You might find yourself in these stories in the despair that grips Elijah and the demon-possessed man. Consider how each of us are held bound and captive by things in our lives, very real things that remove from us our hope, our health, or our freedom to love and breathe and flourish as God created us to be. Maybe you, with these two men, know the crippling power of fear or death or grief. Maybe you, with these two men, know the isolating power of anxiety and depression. Maybe you, with these two men, are questioning your purpose, your calling, or your very existence on this earth.

For the characters in our stories today, their places of safety and refuge are caves or tombs, places that shelter them, places that hide them, metaphorical places of death and burial.

And this is where they meet God. Not because they climb out of their pain and despair and make it back to the temple or synagogue. But because God comes to the tombs to find them. God’s presence comes to the mouth of the cave. Jesus crosses the sea and heads to the tombs. Seeing God and encountering Jesus is not something reserved for those who can dig themselves out of despair. Access to God isn’t a privilege for those who are hopeful and happy and centered and cleaned up.

God comes to us, even when we are in the depths of despair. Jesus comes to us, even when we are hiding in our tombs. (This is not the last time he will do that, of course. He will go to the tomb to call Lazarus out from death, and he will to his own tomb to bring our world, once and for all, from death to the promise of resurrection.)

And the most amazing part about how God meets us when we are in shadow and chaos is that God meets us not in the shaking of the earth, but in the sound of stillness, quiet, and soft voices. The unveiled, unmediated power of God that calls us out from despair to hope, fear to love, death to life: this power does not show up in the quaking of the earth. God shows up in the power of profound quiet. In the sound of a whisper. In the voice of Jesus.

Last week at Synod Assembly, I found myself with about half an hour to spare between sessions. I crossed the Wartburg campus in search of an unoccupied bench, someplace to hide away and busy myself with something - reading part of my book, perhaps, or knitting a few rows of the sweater I’m working on, maybe making a quick phone call home. I sought a space to be alone and busy. As I walked, however, I felt a pull on my heart toward the chapel, the Spirit nudging me to a holy space, where I needed to sit, at least for a few moments, before finding a place to be busy, that I might quiet my heart and listen. I don’t often feel the Spirit move quite like this, so I decided to listen, and be led into the chapel, a beautiful, airy space of sky blues and cloud whites.
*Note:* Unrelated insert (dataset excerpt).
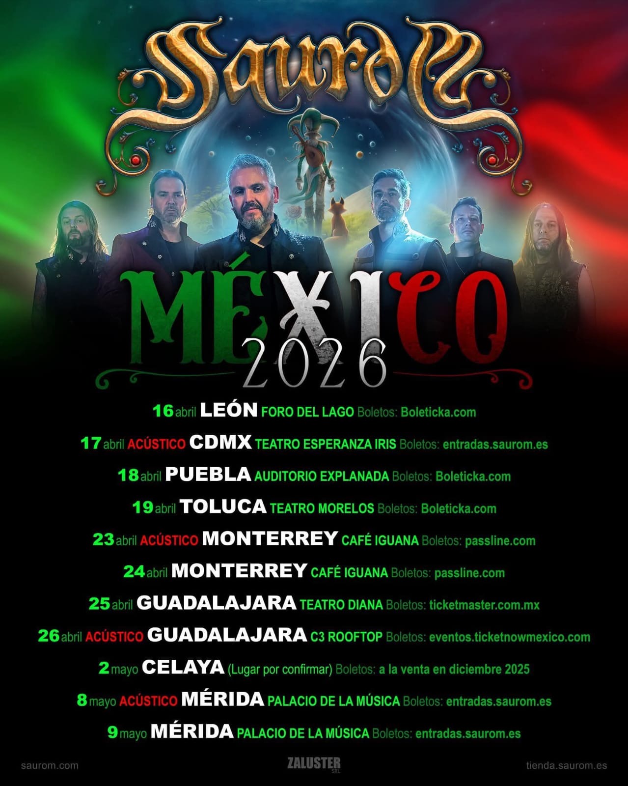 El eco de las flautas y el rugir de las guitarras vuelven a convocar a la juglaría. A tan solo dos semanas de que el primer acorde rompa el silencio, los gaditanos Saurom se declaran listos para desembarcar en México, dando continuidad a una travesía que ha unido corazones a ambos lados del océano. Tras la histórica apertura en 2025 bajo la cúpula de la Arena Ciudad de México, la banda regresa este 2026 para expandir el horizonte de su más reciente y profunda obra conceptual.

I ducked in, trying not to be seen. I sat. I got quiet. I let my eyes drift upward to a series of windows through which I could see only sky and the tops of a few trees.

I expected the Spirit to have led me here because God needed to say something to me. I stayed quiet. I listened. I waited. I stayed until it felt like I’d been there as long as had been asked of me, and then I left, quietly, finally finding a place to sit and knit before the rain started up.

I might have felt disappointed, that the strong pull of the Spirit led me into nothing but stillness and quiet. And yet…the silence was holy. And I had to remember that sometimes, a message from God can be found not in the words that I want to hear, but in the gift of stillness around me. The gift of holy rest. Of God coming close to me to give me a few moments’ unburdened rest.

As we think about what these two stories today have to offer us - and what mysteries they still leave unanswered - I might urge you to linger longest on this question of how God comes to you through moments of holy silence and quiet, still voices.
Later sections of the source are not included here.